At this point, you should have Hadoop installed and configured for pseudo-distributed operation. To start your cluster, run the following commands:

# /etc/init.d/hadoop-0.20-namenode start
# /etc/init.d/hadoop-0.20-datanode start
# /etc/init.d/hadoop-0.20-secondarynamenode start
# /etc/init.d/hadoop-0.20-jobtracker start
# /etc/init.d/hadoop-0.20-tasktracker start

To verify that your cluster is running, visit http://localhost:50030 in your web browser. You should see the Hadoop JobTracker Web Interface. To verify that the namenode is running, visit http://localhost:50070.

Additionally, you can now run a simple example job to verify that your cluster can execute MapReduce jobs:

$ hadoop-0.20 jar /usr/lib/hadoop-0.20/hadoop*examples*jar pi 2 10000

After a minute or so, this example job should print out a very rough approximation of the value of Pi.

2. Starting Cloudera Desktop

Once your cluster is up and running with the plugins enabled, you can start Cloudera Desktop. On your Cloudera Desktop Server, run:

# /etc/init.d/cloudera-desktop start

Congratulations! Your Cloudera Desktop installation is now up and running!

3. Usage

After installation, you use Cloudera Desktop by simply navigating to http://myserver:8088/. You'll be greeted with a login screen:

After login, you'll be greeted with a welcome screen.

Launch applications on the top-right.

3.1. Feedback

Cloudera Desktop is currently in a public beta, and we're excited to receive your feedback and criticisms.

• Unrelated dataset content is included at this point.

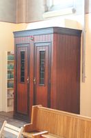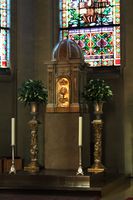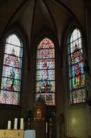| Altertavle: | Ingen altertavle, i stedet glassmaleri av korsfestelsen |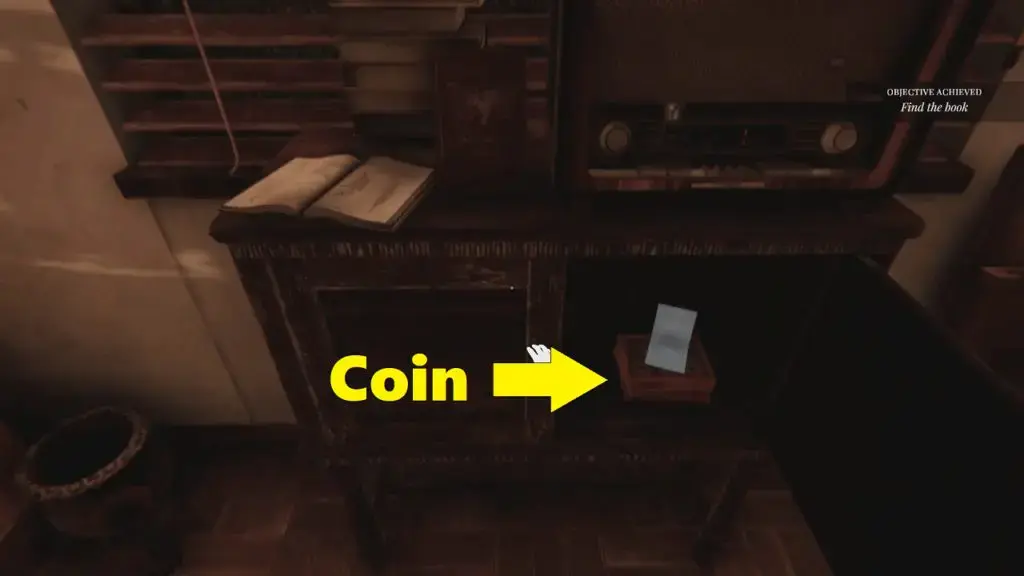 - 동전 찾기: 동전은 책장 옆 나무 받침대 안에 있습니다.

We expect that you may uncover some bugs and mishaps. The best way to send feedback is to post to our GetSatisfaction page at http://getsatisfaction.com/cloudera/products/cloudera_cloudera_desktop.

3.2. Reporting Bugs

If you find that something doesn't work, it'll often be helpful to include logs from your server. These are available at the /logs URL on Desktop's webserver (not part of the graphical Desktop UI). Please download the logs as a zip (or cut and paste the ones that look relevant) and send those with your bug reports.